***** Records for the exercise *****

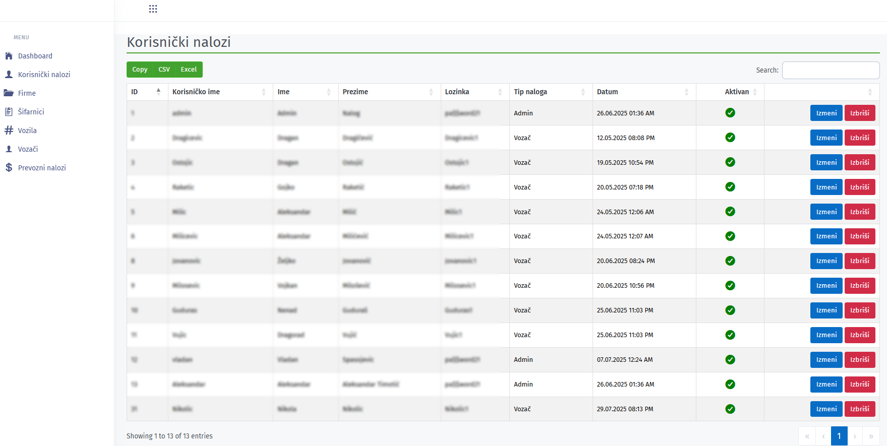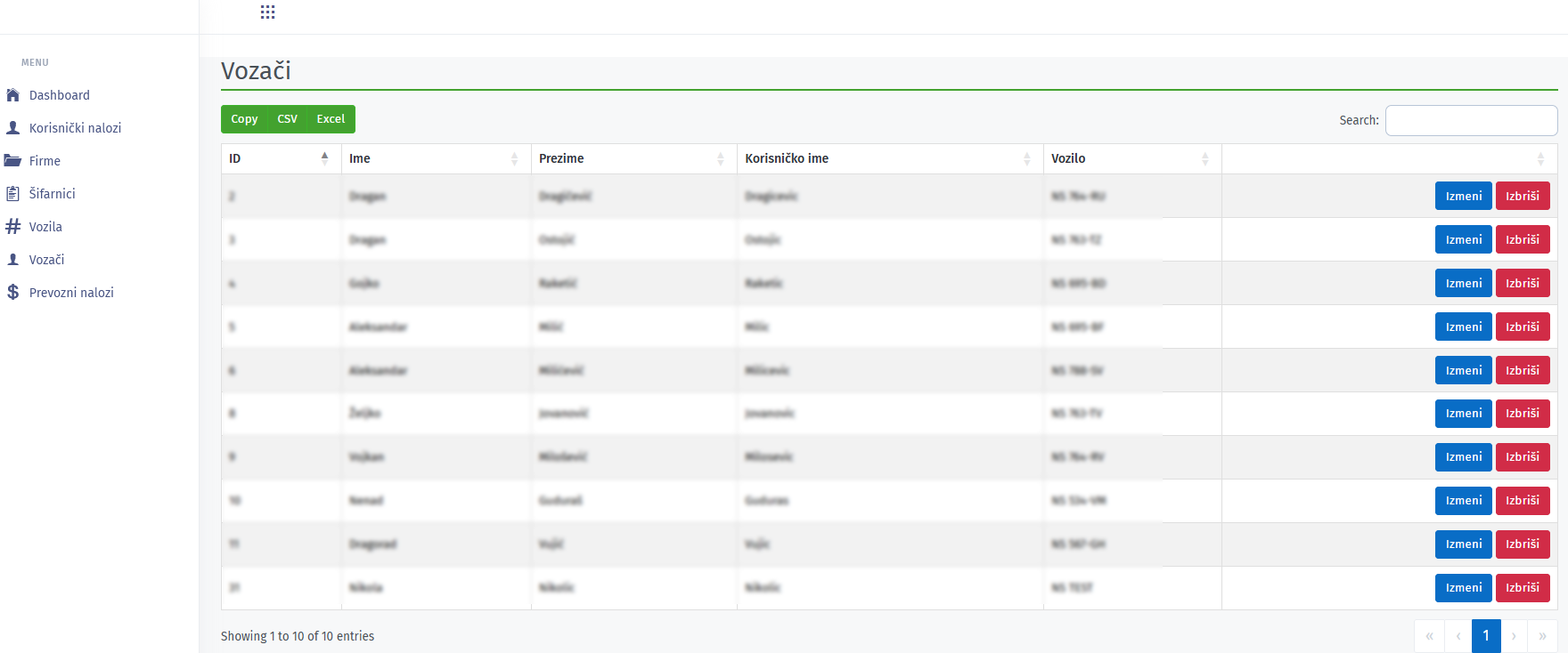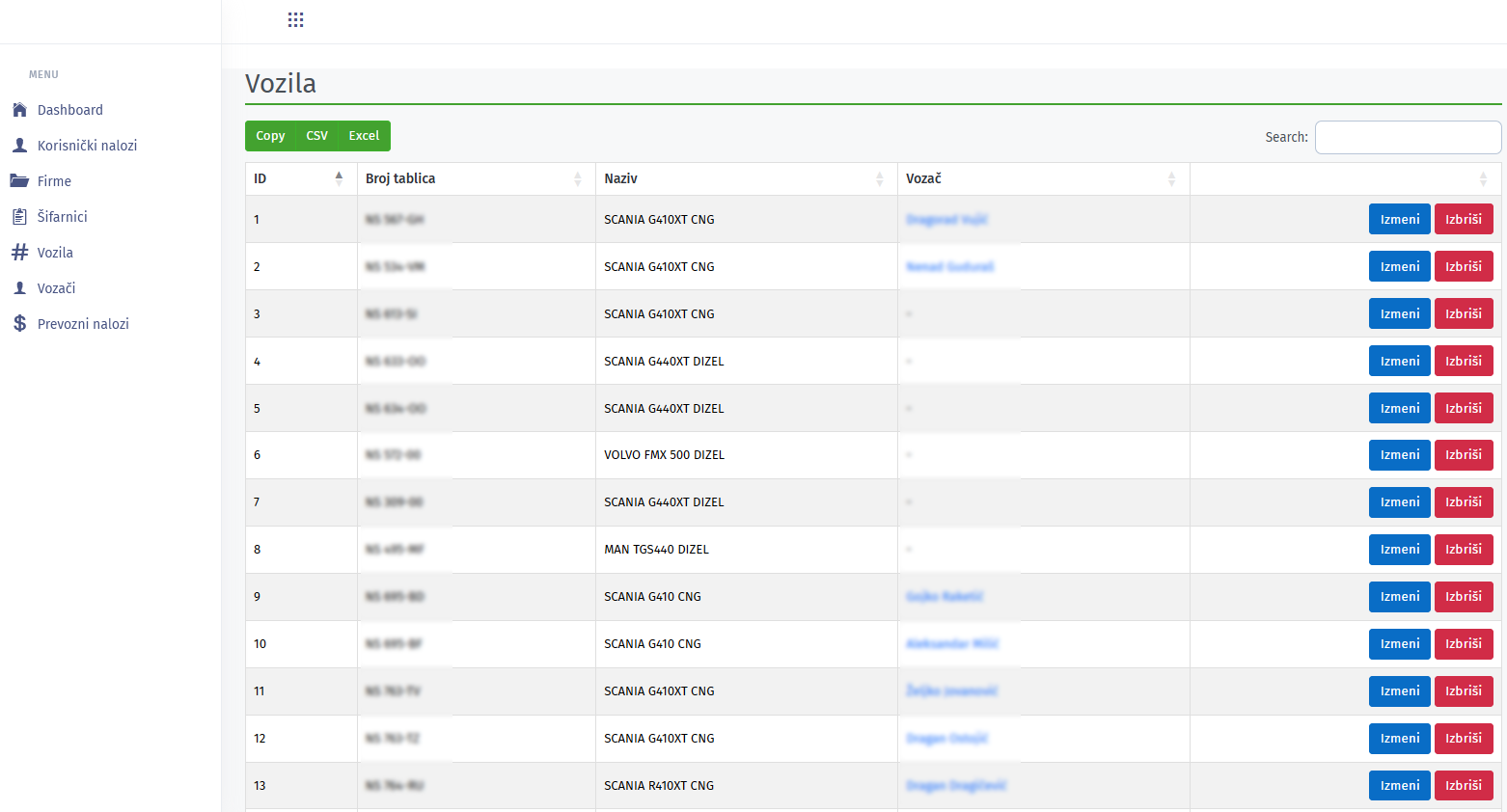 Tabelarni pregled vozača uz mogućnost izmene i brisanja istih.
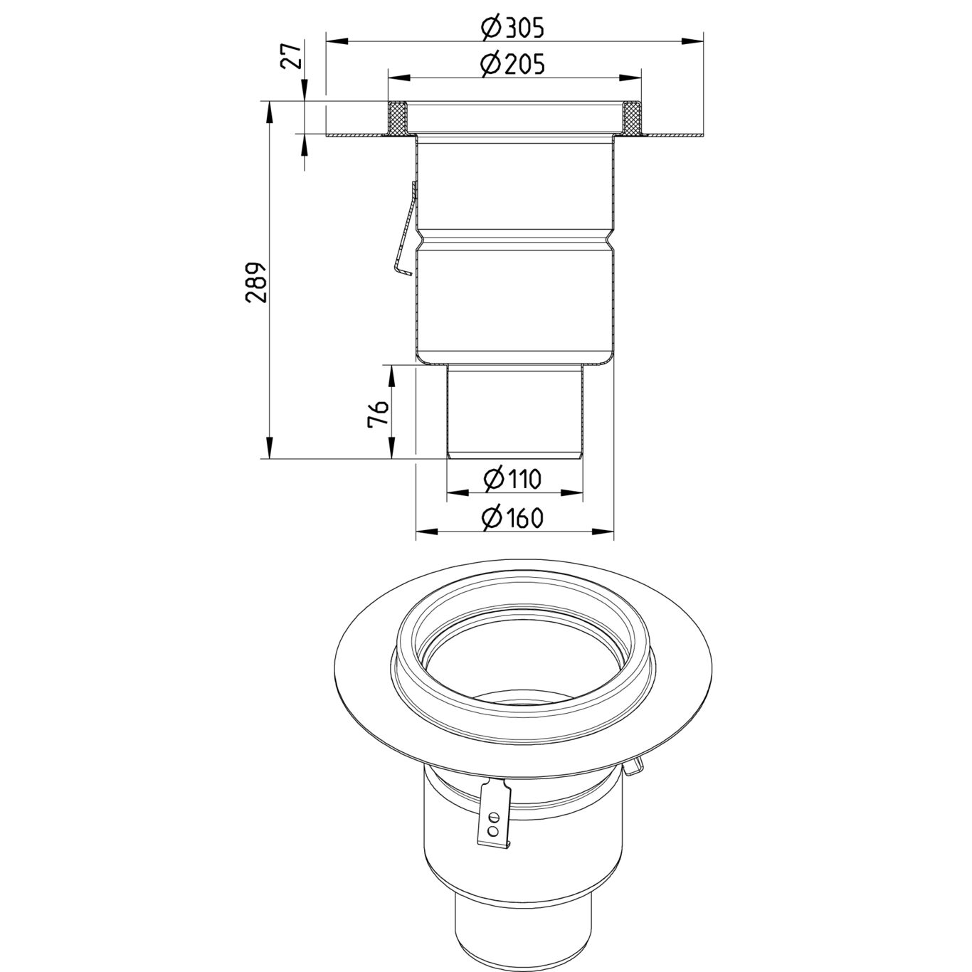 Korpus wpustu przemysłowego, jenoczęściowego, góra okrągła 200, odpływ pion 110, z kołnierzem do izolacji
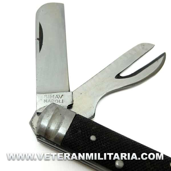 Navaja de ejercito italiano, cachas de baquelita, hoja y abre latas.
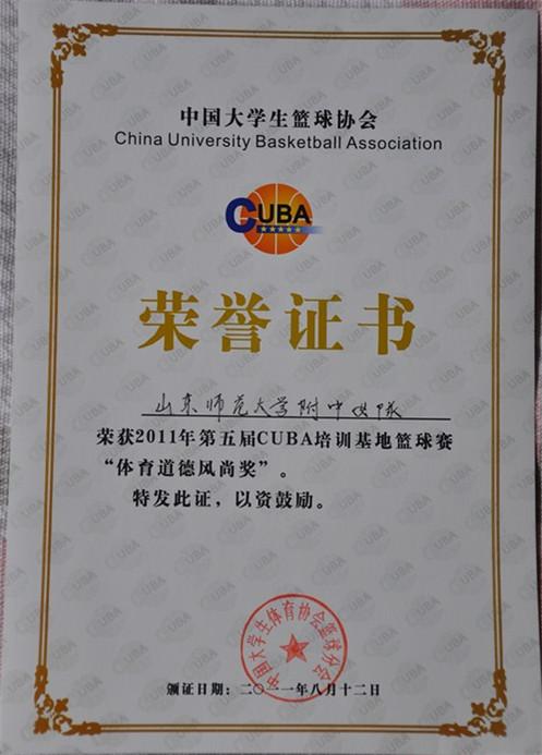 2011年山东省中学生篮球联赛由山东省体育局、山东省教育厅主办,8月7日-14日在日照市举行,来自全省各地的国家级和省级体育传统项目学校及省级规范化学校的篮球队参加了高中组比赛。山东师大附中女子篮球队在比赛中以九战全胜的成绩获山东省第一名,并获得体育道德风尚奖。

*****
***** Records for the exercise *****

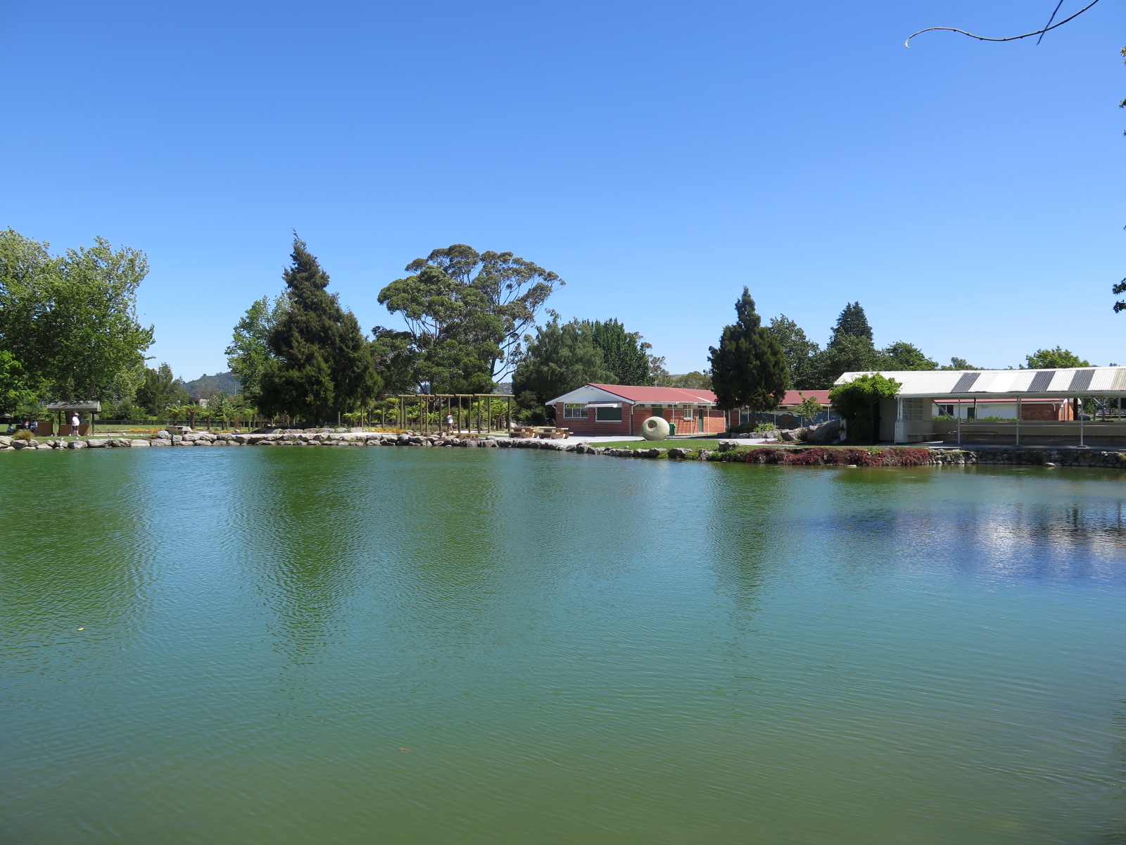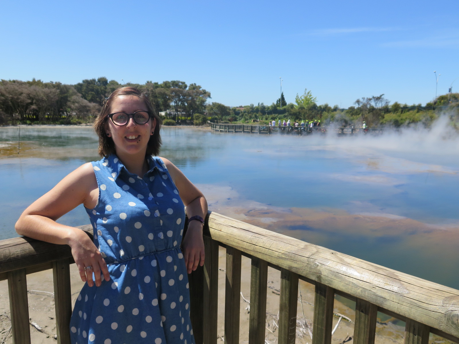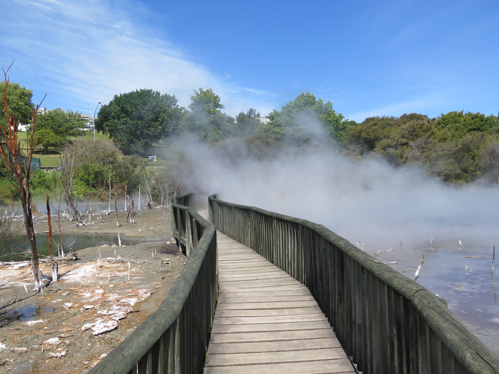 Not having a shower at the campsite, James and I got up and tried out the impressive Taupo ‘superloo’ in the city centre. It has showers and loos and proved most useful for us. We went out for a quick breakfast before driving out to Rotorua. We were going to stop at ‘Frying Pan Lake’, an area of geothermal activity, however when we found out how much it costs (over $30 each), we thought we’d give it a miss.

*****

Exercise: Start at the line above containing "Tabelarni pregled vozača" and stop at the line containing "2011年山东省中学生篮球联": print those lines and everything between them exactly, but not the pictures.

Response area:
 Tabelarni pregled vozača uz mogućnost izmene i brisanja istih.
 Korpus wpustu przemysłowego, jenoczęściowego, góra okrągła 200, odpływ pion 110, z kołnierzem do izolacji
 Navaja de ejercito italiano, cachas de baquelita, hoja y abre latas.
 2011年山东省中学生篮球联赛由山东省体育局、山东省教育厅主办,8月7日-14日在日照市举行,来自全省各地的国家级和省级体育传统项目学校及省级规范化学校的篮球队参加了高中组比赛。山东师大附中女子篮球队在比赛中以九战全胜的成绩获山东省第一名,并获得体育道德风尚奖。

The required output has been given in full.